After two years rowing against the tide, cinema is finally beginning to raise its head. Hence, ‘Love in its place’ finally appears, secretly shot in the middle of a pandemic as a fitting tribute to art and the effort of all who make it possible; a cinematographic experience that, in the words of Cortés, “discovers a side of the occupation that the cinema had not yet shown: how all kinds of artists continued to act, even in the most unlikely circumstances, to light a flickering flame in the middle of the darkness ». In the same way, the director aspires to relight, with the wick of his story, the light of that ritual that is to enjoy cinema in theaters.
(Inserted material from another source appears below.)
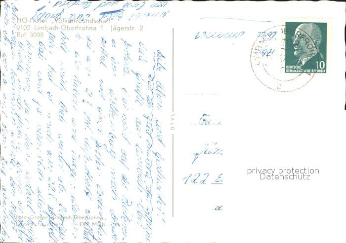 72331881 alte Postkarte Oberfrohna Hotel Voelkerfreundschaft Halle postalisch gelaufen Erhaltung siehe scans KatCode: 11110014173140
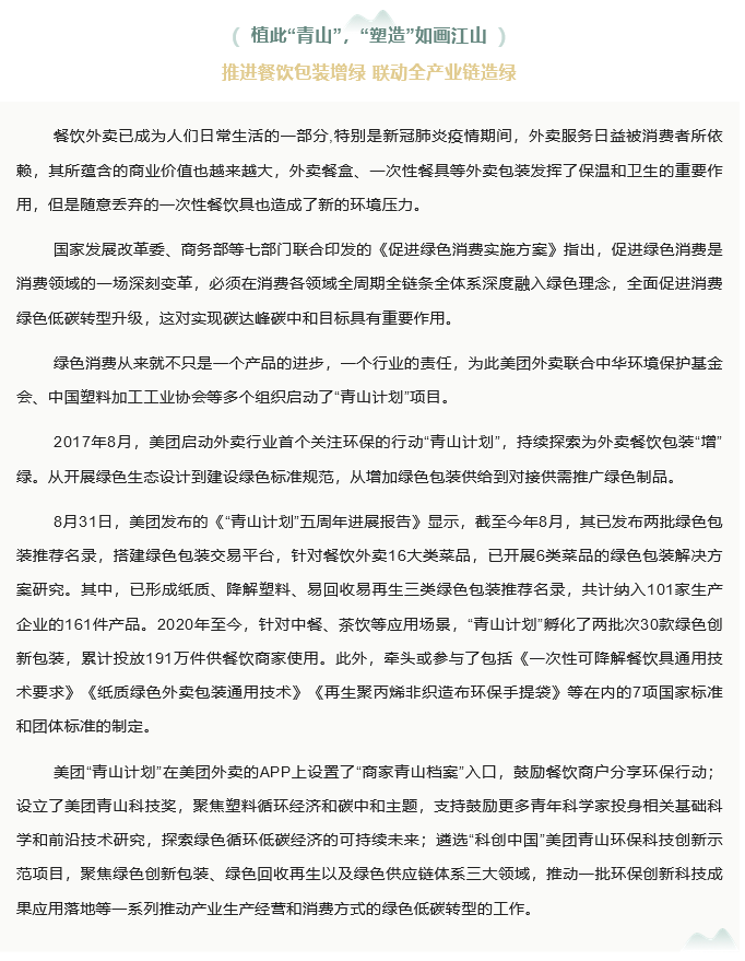 植此“青山”,“塑造”如画江山——推进餐饮包装增绿 联动全产业链造绿

To do this, he shows his ingenuity and his nimble pen to the script, written by Cortés himself together with renowned German novelist David Safier in a libretto that recreates the staging of the play ‘Milosc Szuka Mieszkania’ (‘Love seeks an apartment’), which was performed in the winter of 1942 at the Fémina Theater in Warsaw. Pending the premiere of ‘The joke’, one of the four episodes of the ‘remake’ of ‘Stories to sleep’ that he will present at the Sitges Festival, Rodrigo Cortés focuses on this film on a group of actors during the performance of the comedy musical written in the Warsaw ghetto by the Polish-Jewish playwright and composer Jerzy Jurandot, of whose songs only the lyrics survived.
International cast
Danish actress Clara Rugaard, a sensation at Sundance with the film ‘I Am Mother’, and the interpreter Ferdia Walsh-Peelo, star of ‘Coda’ and ‘Sing Street’, lead the cast of this film inspired by real events. Magnus Krepper (‘Millenium 2: The Girl Who Dreamed of a Match and a Can of Gasoline’), Freya Parks (‘Les Miserables’), Jack Roth (‘Bohemian Rahapsody’) and Henry Goodman (‘The New Pope’), among others, they complete the cast of a film whose music has been composed for the film respecting the tradition of musical theater of the moment.
The film is produced by Adrián Guerra and Núria Valls, from Nostromo Pictures, together with Love Gets a Room AIE, with the collaboration of the Department of Culture of the Generalitat of Catalonia and the participation of Televisión de Cataluña and Crea SGR. out Lionsgate, while A Contracorriente Films will distribute the film in Spain from December 3.